# TASK BRIEF:
Reproduce exactly the lines below from the one containing "缪森老师以高中有机化学复习题" through the one containing "珍貴一刻--80年代當紅歌手", including both, and nothing else.

[EXTRACTED MATERIAL — start]

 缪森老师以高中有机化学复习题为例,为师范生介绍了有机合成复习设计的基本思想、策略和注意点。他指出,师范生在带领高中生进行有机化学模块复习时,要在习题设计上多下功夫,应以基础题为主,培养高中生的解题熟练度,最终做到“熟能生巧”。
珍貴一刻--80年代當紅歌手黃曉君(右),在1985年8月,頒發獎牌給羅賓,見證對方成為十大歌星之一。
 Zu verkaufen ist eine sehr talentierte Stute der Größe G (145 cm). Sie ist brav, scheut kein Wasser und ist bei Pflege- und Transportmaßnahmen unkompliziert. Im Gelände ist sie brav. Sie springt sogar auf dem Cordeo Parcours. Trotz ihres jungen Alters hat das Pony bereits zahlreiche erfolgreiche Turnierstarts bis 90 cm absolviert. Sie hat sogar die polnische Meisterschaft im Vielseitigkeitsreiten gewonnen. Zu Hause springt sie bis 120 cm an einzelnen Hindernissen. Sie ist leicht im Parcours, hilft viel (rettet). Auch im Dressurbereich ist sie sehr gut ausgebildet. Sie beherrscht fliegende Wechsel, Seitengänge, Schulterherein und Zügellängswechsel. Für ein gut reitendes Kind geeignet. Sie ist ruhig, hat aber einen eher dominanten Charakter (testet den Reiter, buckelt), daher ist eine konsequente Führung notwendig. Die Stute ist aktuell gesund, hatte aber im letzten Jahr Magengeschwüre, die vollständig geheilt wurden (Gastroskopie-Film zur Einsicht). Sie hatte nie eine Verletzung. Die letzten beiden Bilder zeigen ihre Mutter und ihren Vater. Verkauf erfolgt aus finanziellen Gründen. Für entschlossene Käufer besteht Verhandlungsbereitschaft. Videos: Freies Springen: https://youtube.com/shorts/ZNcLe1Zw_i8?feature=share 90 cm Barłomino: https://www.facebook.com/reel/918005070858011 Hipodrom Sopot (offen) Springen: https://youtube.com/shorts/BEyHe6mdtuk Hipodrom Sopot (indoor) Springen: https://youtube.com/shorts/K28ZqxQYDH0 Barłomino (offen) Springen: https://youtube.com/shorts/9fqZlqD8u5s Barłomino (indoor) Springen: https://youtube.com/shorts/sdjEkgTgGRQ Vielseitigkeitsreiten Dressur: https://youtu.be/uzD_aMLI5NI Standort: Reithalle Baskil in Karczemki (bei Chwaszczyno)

[EXTRACTED MATERIAL — finish]
[EXTRACTED MATERIAL — start]

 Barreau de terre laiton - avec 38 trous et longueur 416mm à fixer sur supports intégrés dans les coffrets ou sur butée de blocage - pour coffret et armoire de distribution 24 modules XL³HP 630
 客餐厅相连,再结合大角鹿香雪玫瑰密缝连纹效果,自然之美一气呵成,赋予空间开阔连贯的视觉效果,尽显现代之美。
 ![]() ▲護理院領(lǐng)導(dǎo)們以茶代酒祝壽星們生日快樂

[EXTRACTED MATERIAL — finish]

# RESULT OF THE TASK:
 缪森老师以高中有机化学复习题为例,为师范生介绍了有机合成复习设计的基本思想、策略和注意点。他指出,师范生在带领高中生进行有机化学模块复习时,要在习题设计上多下功夫,应以基础题为主,培养高中生的解题熟练度,最终做到“熟能生巧”。
珍貴一刻--80年代當紅歌手黃曉君(右),在1985年8月,頒發獎牌給羅賓,見證對方成為十大歌星之一。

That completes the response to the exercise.